Y el objetivo de estas organizaciones tenía que ser la llegada al poder del movimiento en ese Estado. De
modo similar, para el movimiento nacional, el objetivo llegó a ser el poder estatal en un Estado particular.
Con toda seguridad, la autoridad de este Estado era por definición lo que preocupaba al movimiento
nacional. En ocasiones, tal movimiento buscaba la creación un Estado totalmente nuevo, bien por secesión,
bien por fusión, pero en otros casos este «nuevo Estado» podía haber existido ya en forma de entidad
administrativa colonial o regional.
El hecho de que ambas variedades de movimiento definieran los mismos objetivos estratégicos
explica su sentido de recíproca rivalidad, particularmente cuando un movimiento obrero intentaba obtener el
poder en una entidad de la cual, un movimiento nacional dado, pretendía separar una zona con el fin de crear
un nuevo Estado.
La existencia de objetivos paralelos, obtener el poder del Estado, condujo a un debate interno similar
sobre el modo de obtenerlo, que podría definirse, en términos polares, como la senda legal de persuasión
política versus la senda ilegal de la fuerza insurreccional.
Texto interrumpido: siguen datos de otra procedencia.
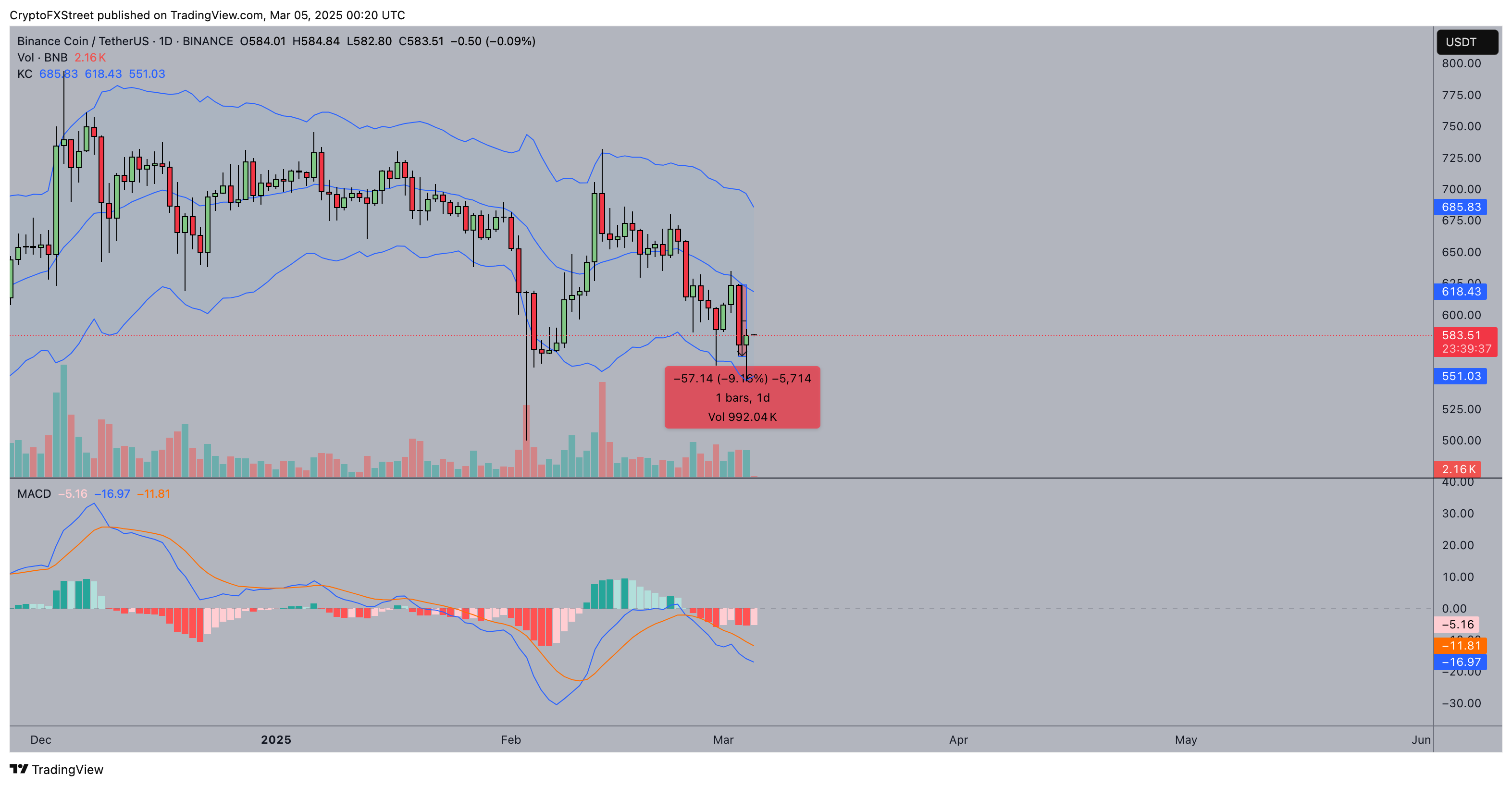 El precio de BNB se cotiza a 584.19$, recuperándose de un mínimo reciente cerca de 550$, un nivel de soporte crítico que se alinea con el límite inferior del Canal de Keltner.
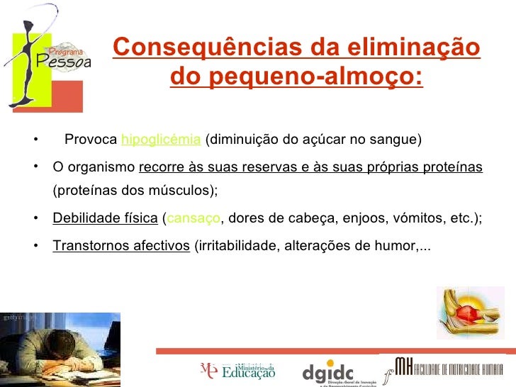 14. 14. Consequências da eliminação do pequeno-almoço: <ul><li>  Provoca hipoglicémia (diminuição do açúcar no sangue) </li></ul><ul><li>O organismo recorre às suas reservas e às suas próprias proteínas (proteínas dos músculos); </li></ul><ul><li>Debilidade física ( cansaço , dores de cabeça, enjoos, vómitos, etc.); </li></ul><ul><li>Transtornos afectivos (irritabilidade, alterações de humor,... </li></ul>
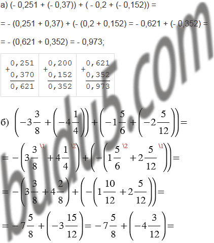 а) (- 0,251 + (- 0,37)) + ( - 0,2 + (- 0,152));
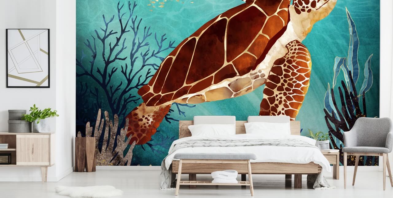 Bring the beauty of the ocean into your home with this custom-made Sea Turtle wallpaper mural.
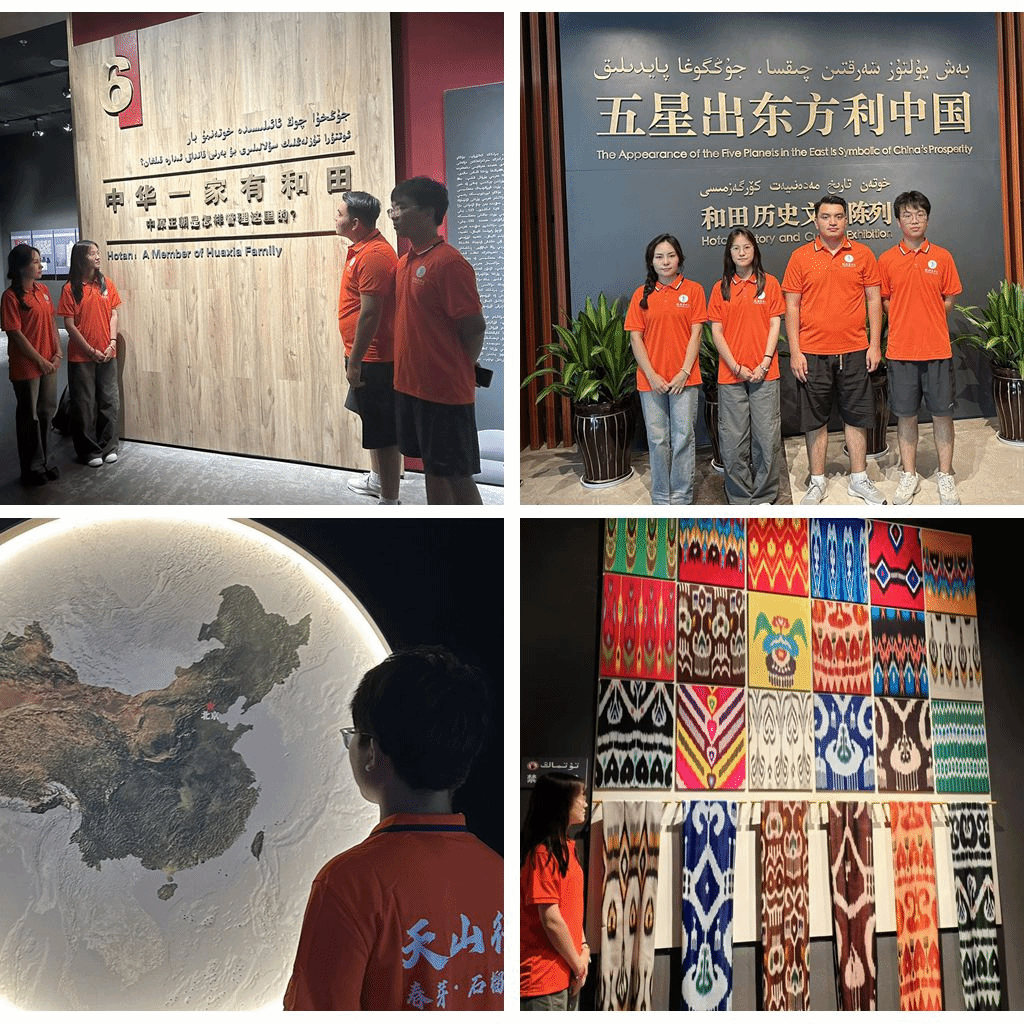 8月11-15日,实践团开启调研之旅,团队成员赴和田博物馆参观学习。博物馆内,实践团成员们仿佛穿越时空,亲身感受到了和田地区数千年的历史脉络。一幅幅文物高清图、一件件历史文物,无不展现着和田地区悠久的历史和灿烂的文化。同学们依次参观了“巍巍昆仑映华夏”、“金玉之乡兴农桑”、“古道同衢贯中西”等主题展厅,认真聆听每件文物述说的故事,详细了解了文物的历史背景和文化内涵,深刻感受到了家乡文化的独特魅力。

Este par se ha denominado habitualmente reforma
versus revolución, pero estos dos términos han llegado a estar tan sobrecargados de polémicas y confusión
que hoy obscurecen más que ayudan al análisis.
Debe observarse que en el caso de los movimientos sociales, este debate interno culminó, en el
periodo que medió entre la I y la II Guerras Mundiales, con la existencia de dos Internacionales rivales y
fieramente competitivas, la Segunda y la Tercera, que protagonizaron el conflicto entre socialdemócratas y
comunistas. Aunque tanto la Segunda como la Tercera Internacionales afirmaron que compartían el objetivo
del socialismo, que ambas eran movimientos basados en la clase obrera y en la izquierda e incluso (al menos
durante un tiempo) que asumían una idéntica herencia marxista, rápidamente llegaron a oponerse de modo
vehemente, hasta el punto que sus posteriores convergencias políticas ocasionales (los «frentes populares»)
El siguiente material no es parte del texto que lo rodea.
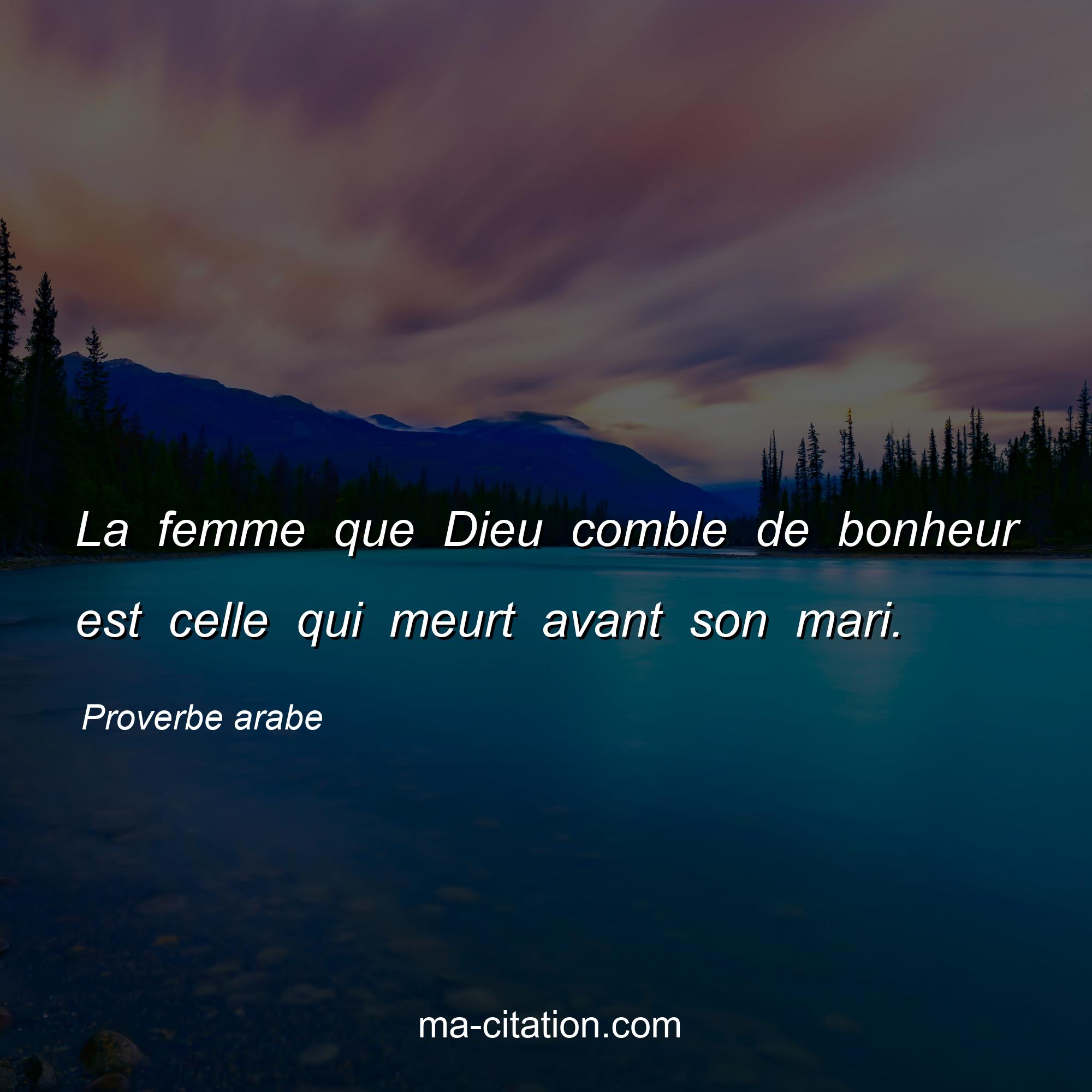 Proverbe arabe sur la vie :La femme que Dieu comble de bonheur est celle qui meurt avant son mari.

se han considerado, en el mejor de los casos, como tácticas y puntuales. En cierto sentido, esto ha sido así
hasta el momento presente.
Si observamos la geografía de los movimientos, percibimos rápidamente una correlación histórica.
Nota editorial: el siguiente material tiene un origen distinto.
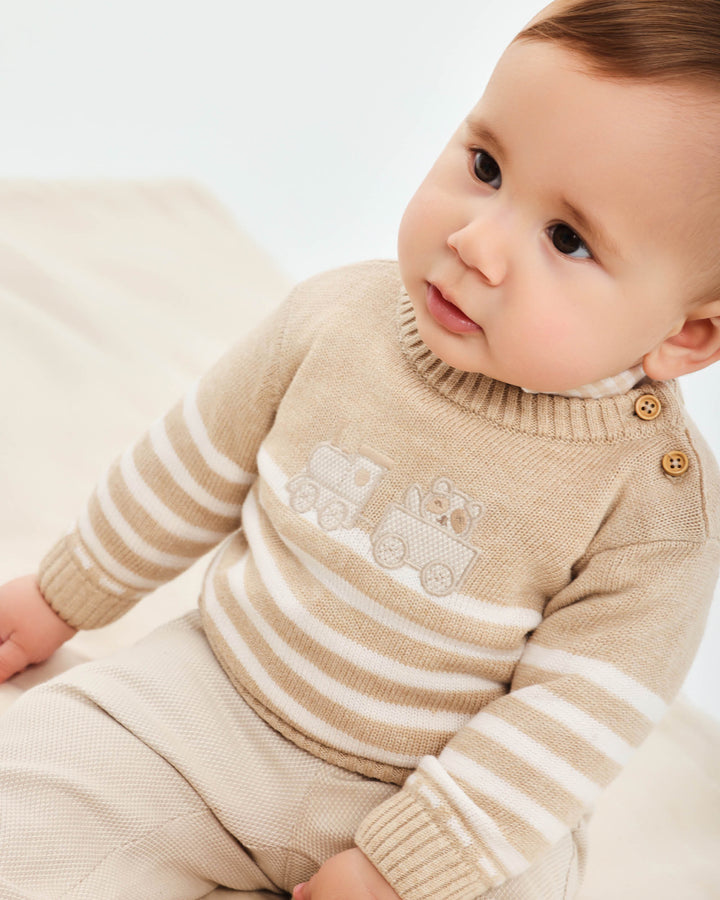 Jersey tricot en color arena con rayas en blanco roto. Detalle tren bordado. Abertura hombro con botones.
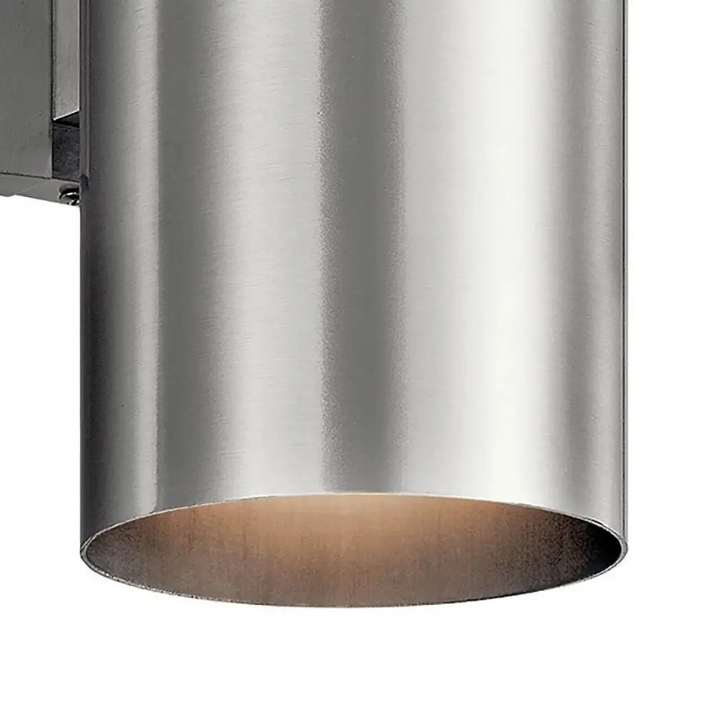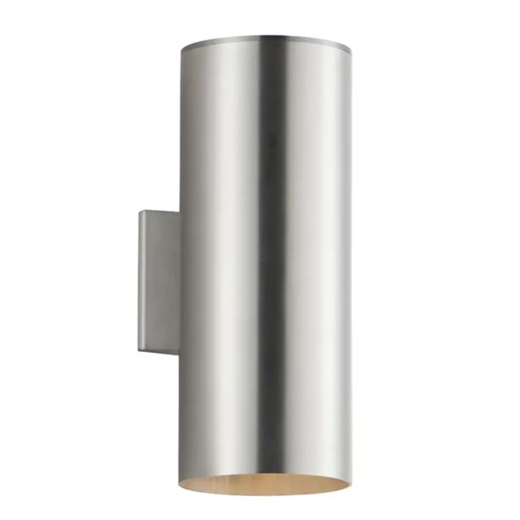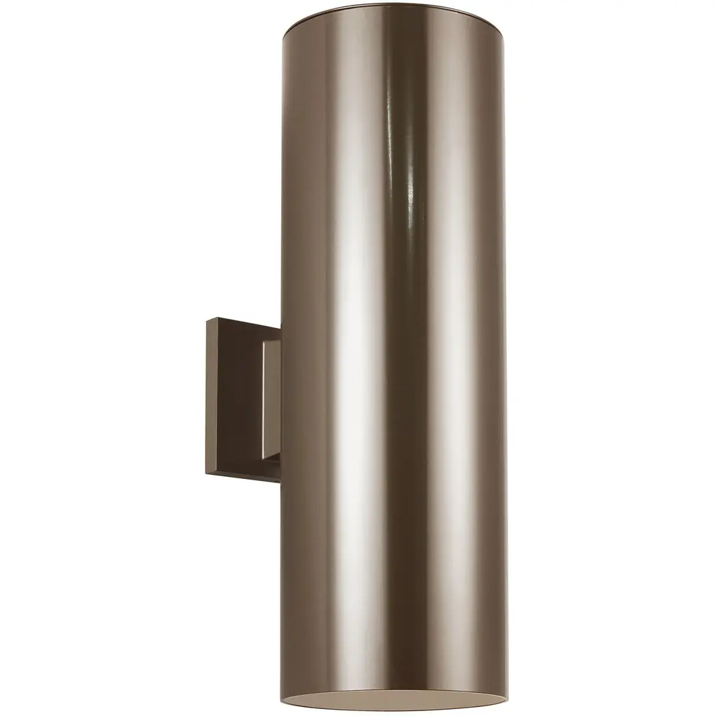 This Wall Cylinder features a unique two light design that shoots light both up and down your walls. It uses BR-40 bulbs which produce 120-watts (max.) of pure light. It measures 15in. high and is U.L. listed for damp location. Back Plate Height: 4.50 Back Plate Width: 4.88 Material: Aluminum, Finish Color: Architectural Bronze, Width: 5.75", Height: 15", Depth: 8.5", Height From Outlet Box: 4.88", Backplate Width: 4.88", Backplate Length: 4.5", Lamping Type: Incandescent, Number Of Bulbs: 2, Wattage: 120 Watts, Dimmable: No, Moisture Rating: Damp Rated
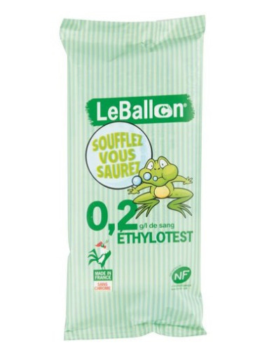 Le modèle d’éthylotest chimique “Le Ballon” produit par CONTRALCO se démarque par sa simplicité déconcertante. On a tous déjà observé ce petit éthylotest dont l’emballage est marqué du slogan de la sécurité routière « Soufflez vous saurez ». Constitué de deux éléments, il est d’un emploi très facile, et se range aisément dans un sac ou un vide-poche. Cet alcootest sans chrome se compose d’un embout de grande taille, permettant le remplissage du ballon sans effort et d’une poche gonflable certifiée NF (norme française). D’une contenance de 1,3l, la poche oblige l’utilisateur à aller chercher en un seul souffle l’air contenu dans ses poumons
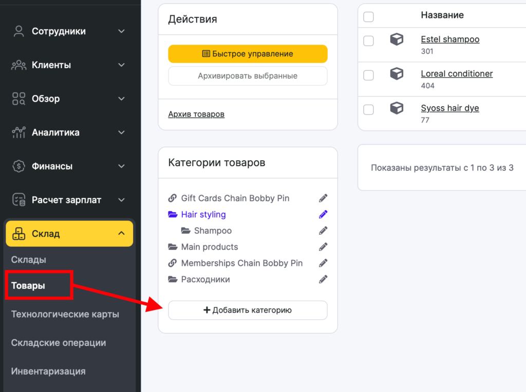 - Перейдите в раздел Склад > Товары.

Los movimientos socialdemócratas han sido políticamente fuertes y han «llegado al poder» (por medios
electorales, par supuesto, y alternándose con partidos más conservadores) casi únicamente en los Estados del
centro de la economía-mundo capitalista, pero virtualmente en todos ellos. Los partidos comunistas, por el
contrario, han sido fuertes básicamente en cierto número de zonas semiperiféricas y periféricas y han llegado
al poder (en ocasiones vía insurrección, pero otras veces como resultado de la ocupación militar efectuada
por la URSS) tan sólo en esas zonas. Los únicos países occidentales en los que los partidos comunistas han
sido relativamente fuertes durante un período dilatado de tiempo han sido Francia, Italia y España; y debe
observarse que estos dos últimos países bien podrían considerarse semiperiféricos. En cualquier caso, los
partidos comunistas en estos tres Estados hace tiempo que han desechado toda inclinación insurreccional.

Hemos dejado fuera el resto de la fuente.